(Dataset items)
################

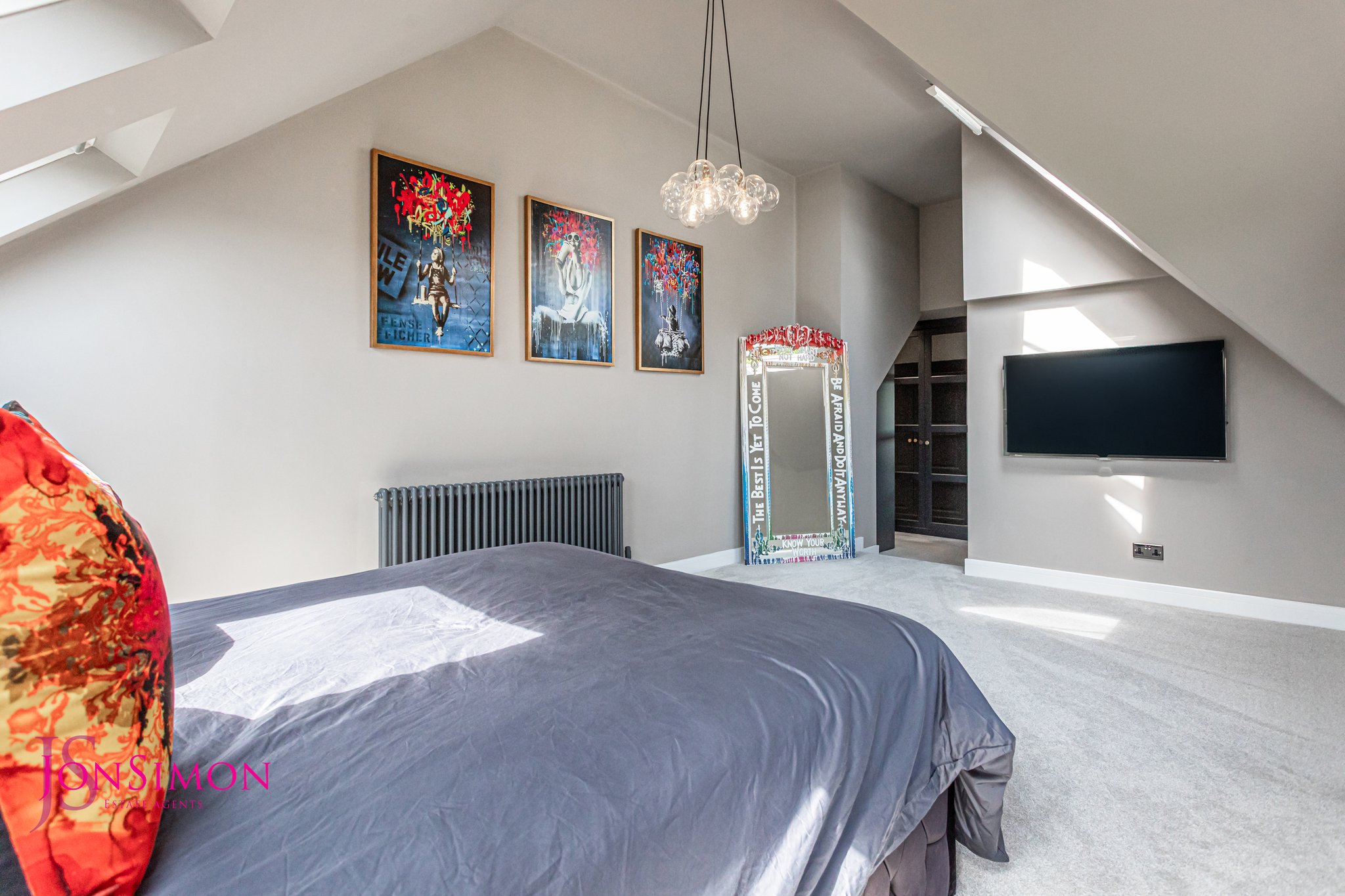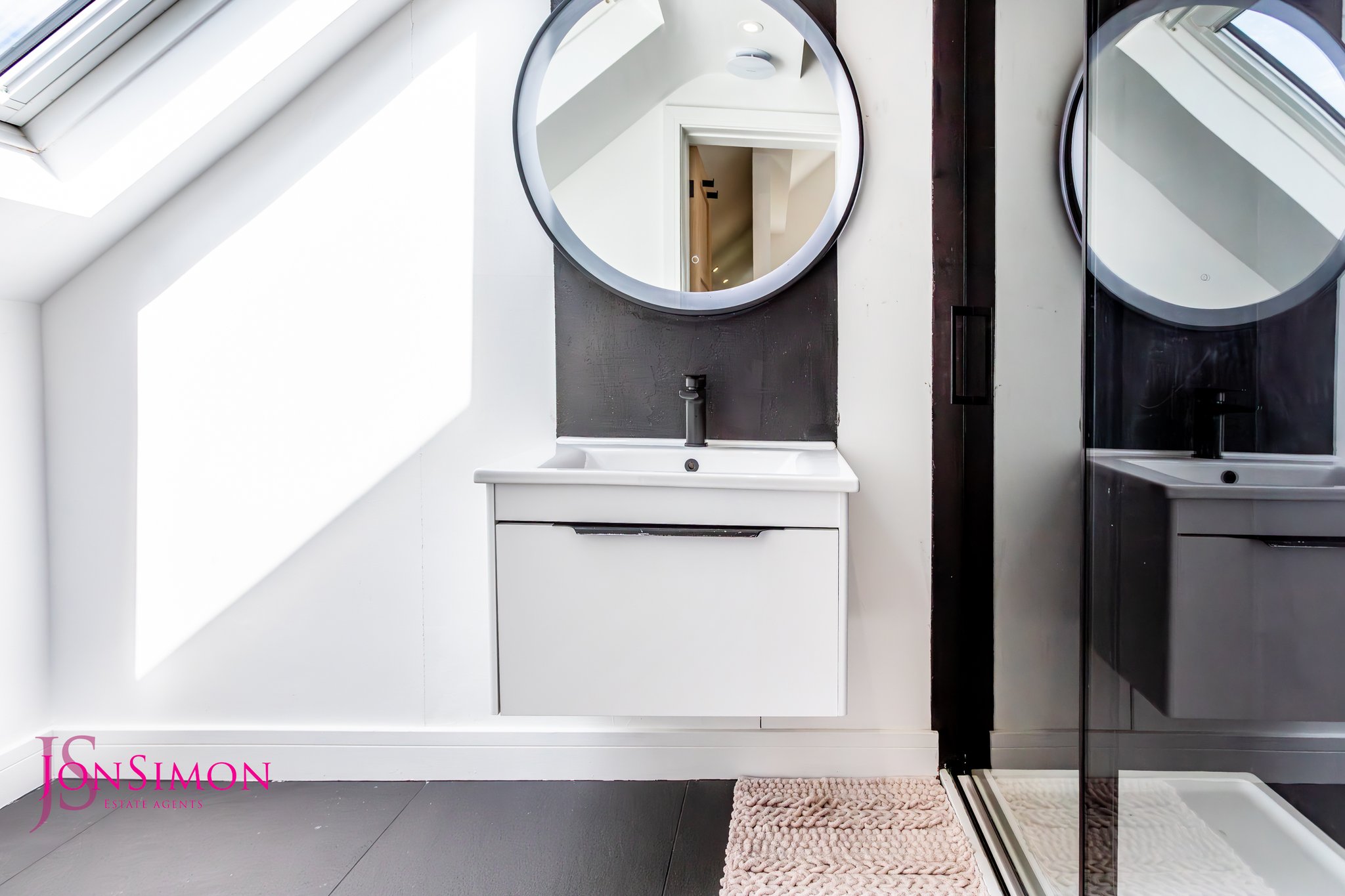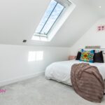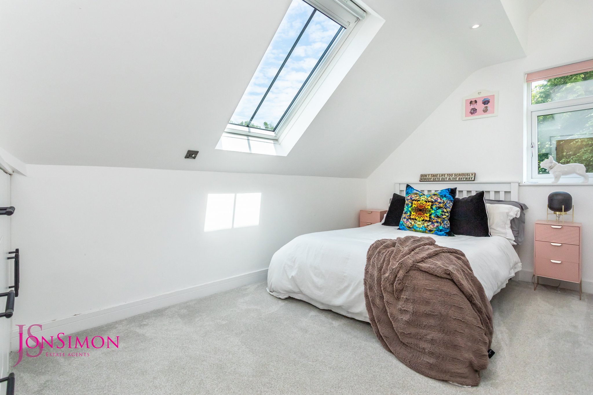 Bathed in natural light and neutrally decorated, looks out over the front of the home and includes an additional Velux window to the side. With built-in wardrobes, this room is a canvas for your personal touch.
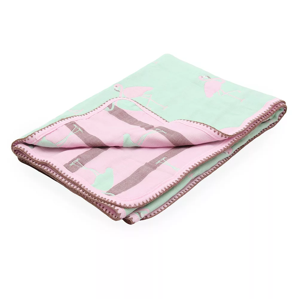 Scamp hatréregű kétoldalas babatakaró - Green Rose Flamingo
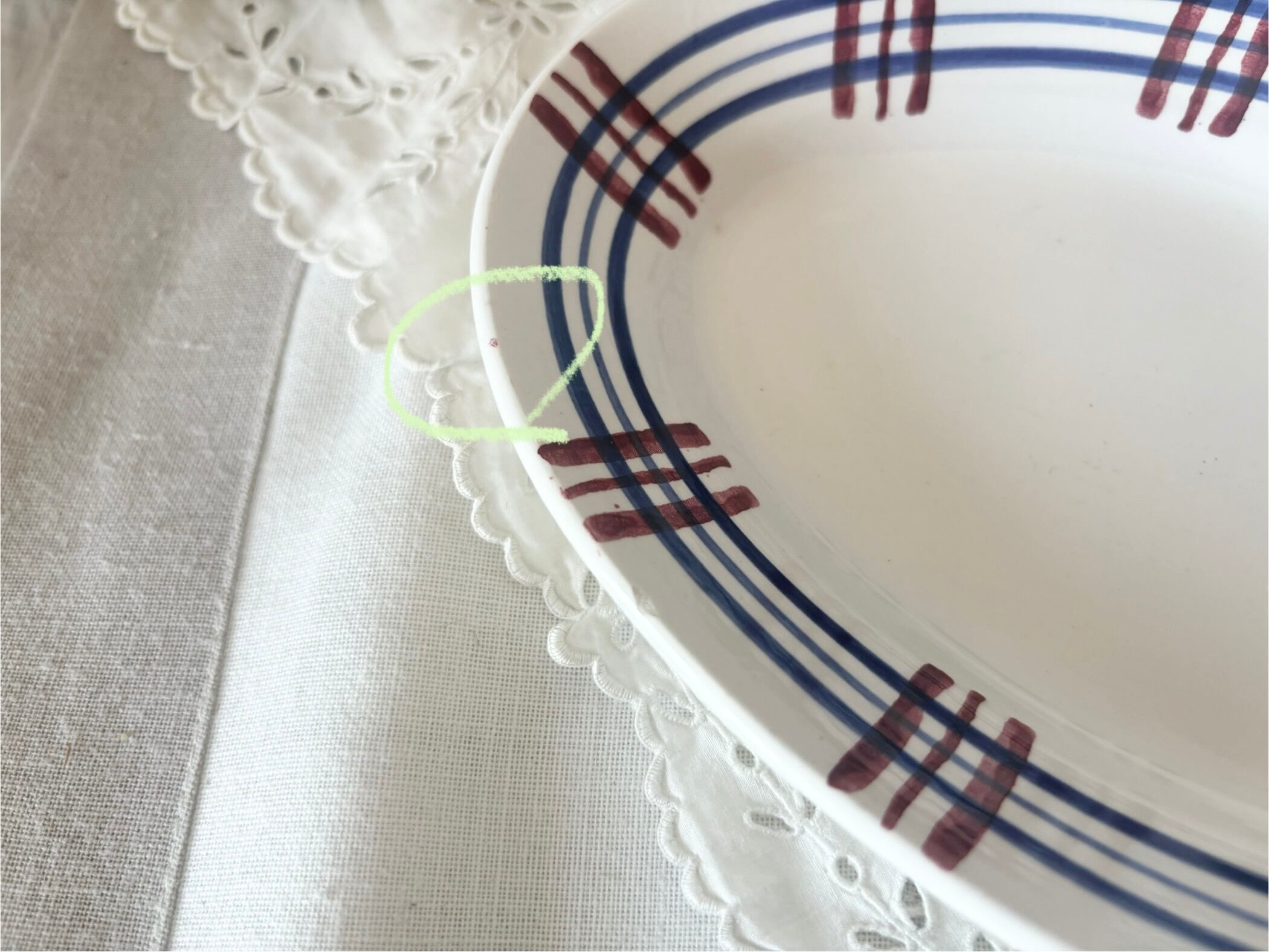 バスク地方の伝統的なカラーやパターンが取り入れられた、このラヴィエは、お皿の端に小さな傷としみ、がございますが、それ以外は特筆すべき大きなダメージも無く、キラキラと輝いて、大変良い状態のお品物と言えます。
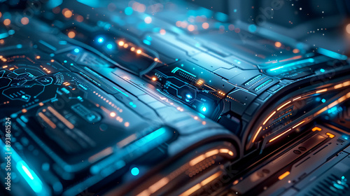 Obraz premium Futuristic digital interface with blue and orange lights
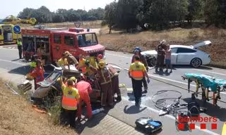 Se han trasladado hasta el punto del siniestro cuatro patrullas de los Mossos d'Esquadra, seis dotaciones de Bombers de la Generalitat y dos ambulancias y un helicóptero del Servei d'Emergències Mèdiques (SEM), que han cortado la vía las 13.14 horas.
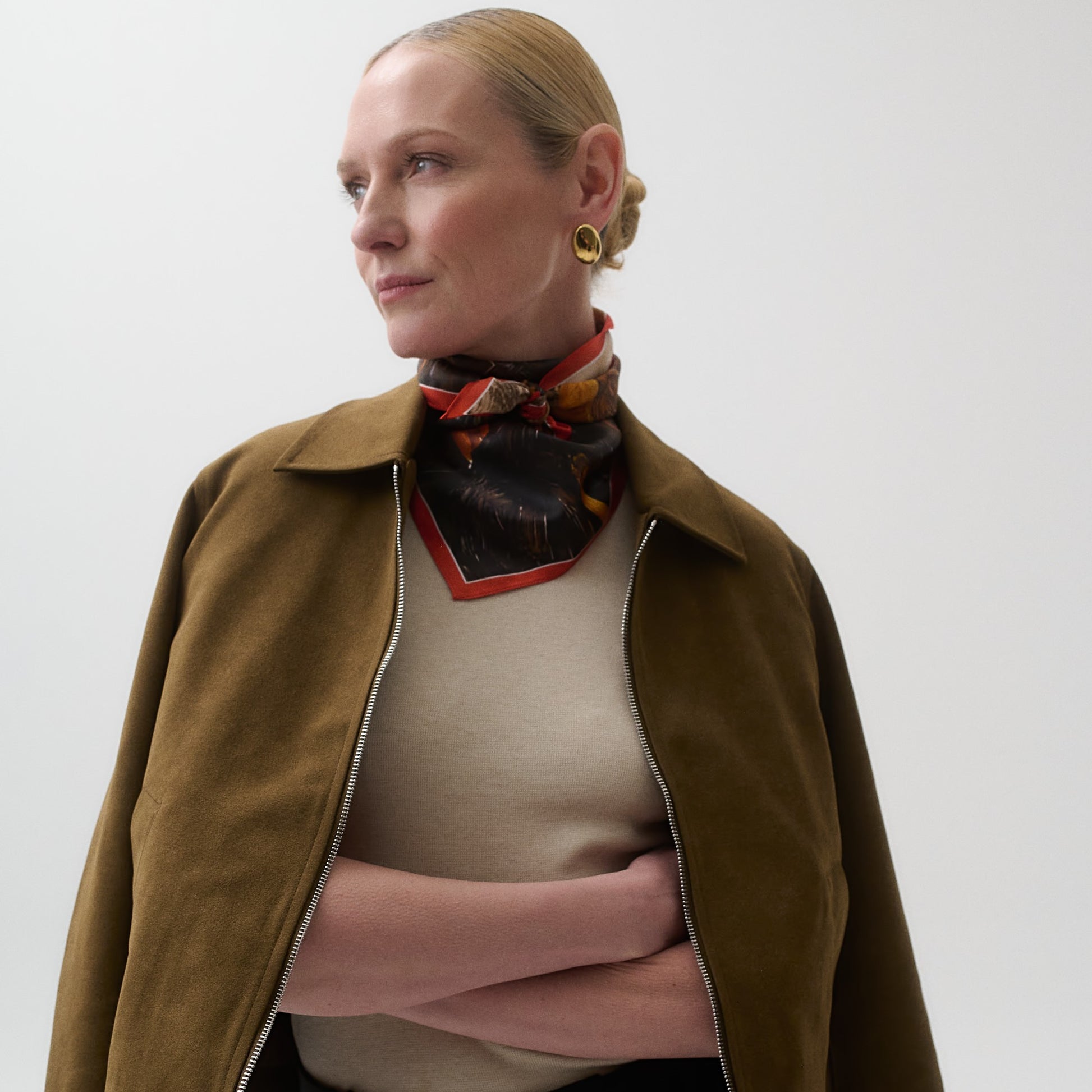 Egon Schiele – ekspresionizmo maištininkas, atskleidęs žmogaus sielos gelmes. Jo kūriniai – intensyvus linijų ir spalvų šokis, kuriame kiekvienas potėpis pulsuoja emocijomis ir vidine jėga. Drąsios linijos ir spalvos perteikia gyvenimo trapumą ir aistrą, o ši nepakartojama ekspresija atgyja prabangiose šilkinėse skarelėse.
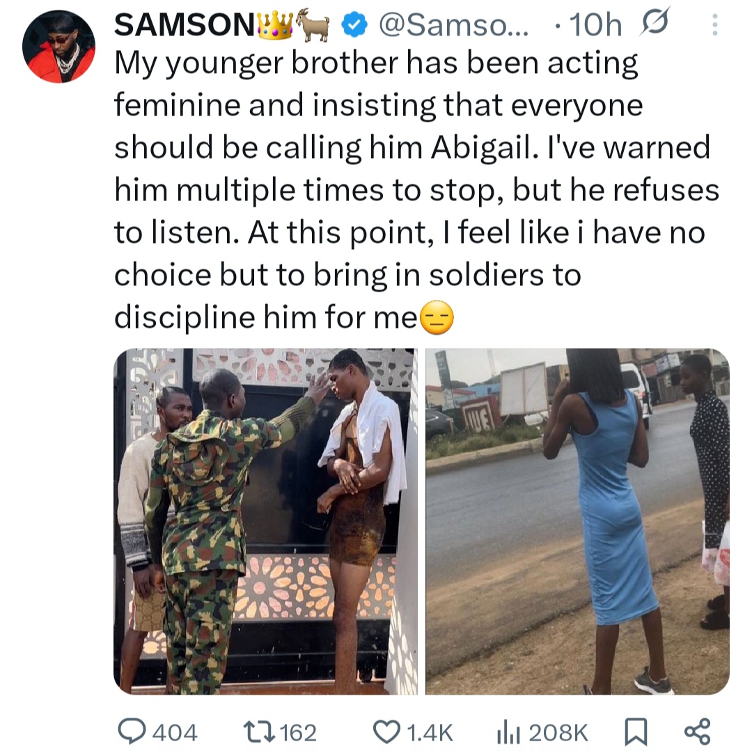 A man called a Nigerian soldier to discipline his brother who acts feminine. The brother who called the soldier took to X to complain about his brother's behaviour which resulted in him involving a soldier. He shared a photo of a uniformed man confronting his cross-dressing brother and wrote: "My younger brother has been acting feminine and insisting that everyone should be calling him Abigail. I've warned him multiple times to stop, but he refuses to listen. At this point, I feel like i have no choice but to bring in soldiers to discipline him for me"
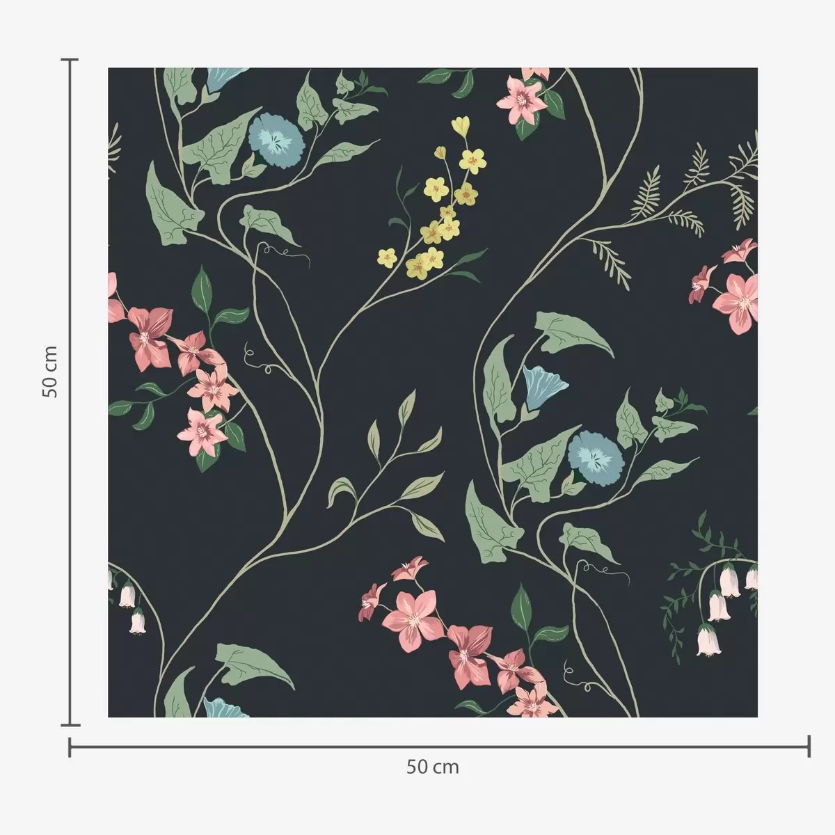 Papel de parede Flores, folhas e caules em um fundo escuro Nr. a00047
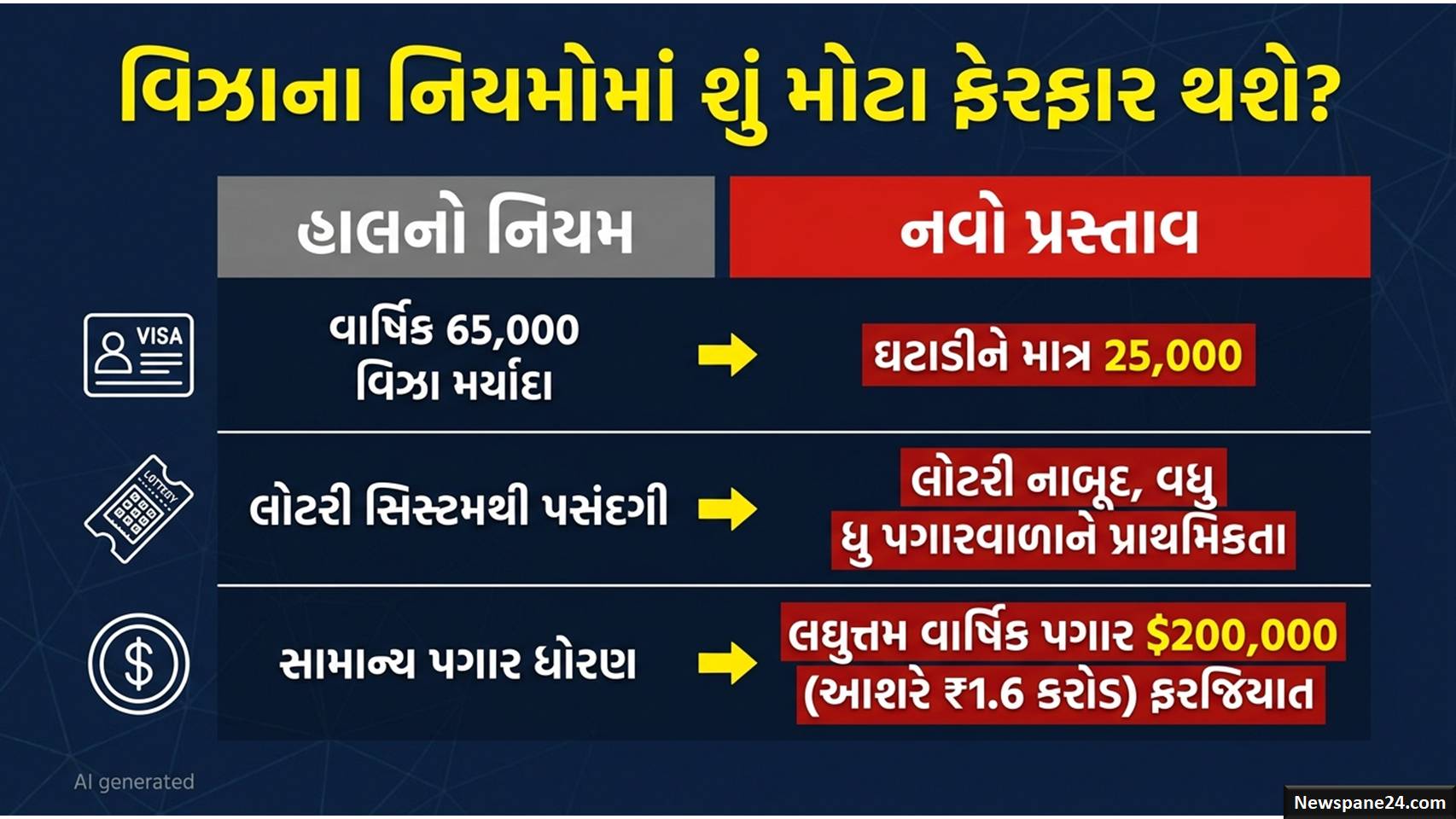 4. લોટરી સિસ્ટમની નાબૂદી: અત્યાર સુધી વિઝા લોટરી દ્વારા મળતા હતા, પરંતુ હવે તેને બદલે ‘વેજ-બેઝ્ડ’ (પગાર આધારિત) સિલેક્શન પ્રોસેસ લાવવાની વાત છે. એટલે કે જેનો પગાર સૌથી વધુ હશે, તેને જ વિઝા મળશે.
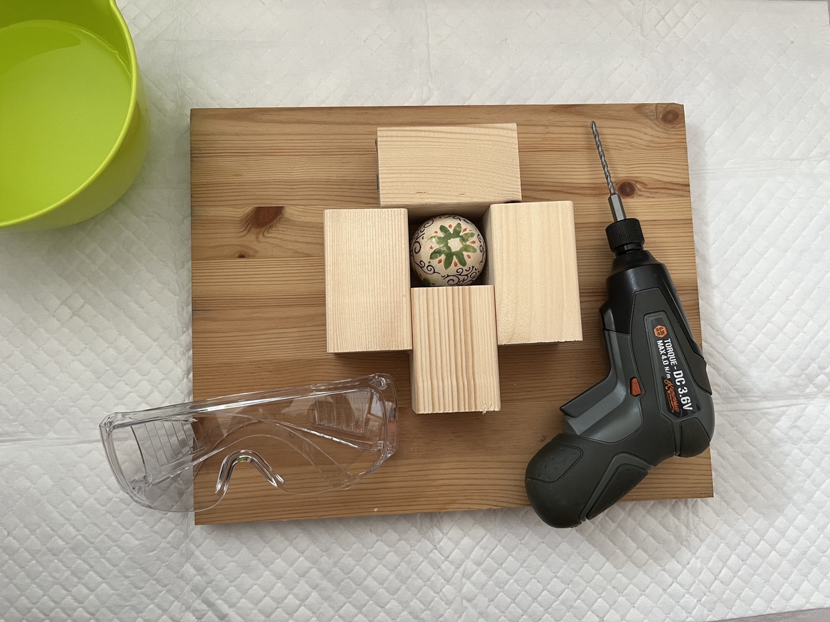 初めから、ドリルで開けようとしても、硬いしツルッと滑るので、目打ち→キリで、小さな溝を作ってから、ドリルで開けていきました🥰

################

ASSIGNMENT:
Please repeat, with no pictures, each line from the start of the records above through the line with "Egon Schiele –", inclusive, and only those.

RESULT BELOW:
 Bathed in natural light and neutrally decorated, looks out over the front of the home and includes an additional Velux window to the side. With built-in wardrobes, this room is a canvas for your personal touch.
 Scamp hatréregű kétoldalas babatakaró - Green Rose Flamingo
 バスク地方の伝統的なカラーやパターンが取り入れられた、このラヴィエは、お皿の端に小さな傷としみ、がございますが、それ以外は特筆すべき大きなダメージも無く、キラキラと輝いて、大変良い状態のお品物と言えます。
 Obraz premium Futuristic digital interface with blue and orange lights
 Se han trasladado hasta el punto del siniestro cuatro patrullas de los Mossos d'Esquadra, seis dotaciones de Bombers de la Generalitat y dos ambulancias y un helicóptero del Servei d'Emergències Mèdiques (SEM), que han cortado la vía las 13.14 horas.
 Egon Schiele – ekspresionizmo maištininkas, atskleidęs žmogaus sielos gelmes. Jo kūriniai – intensyvus linijų ir spalvų šokis, kuriame kiekvienas potėpis pulsuoja emocijomis ir vidine jėga. Drąsios linijos ir spalvos perteikia gyvenimo trapumą ir aistrą, o ši nepakartojama ekspresija atgyja prabangiose šilkinėse skarelėse.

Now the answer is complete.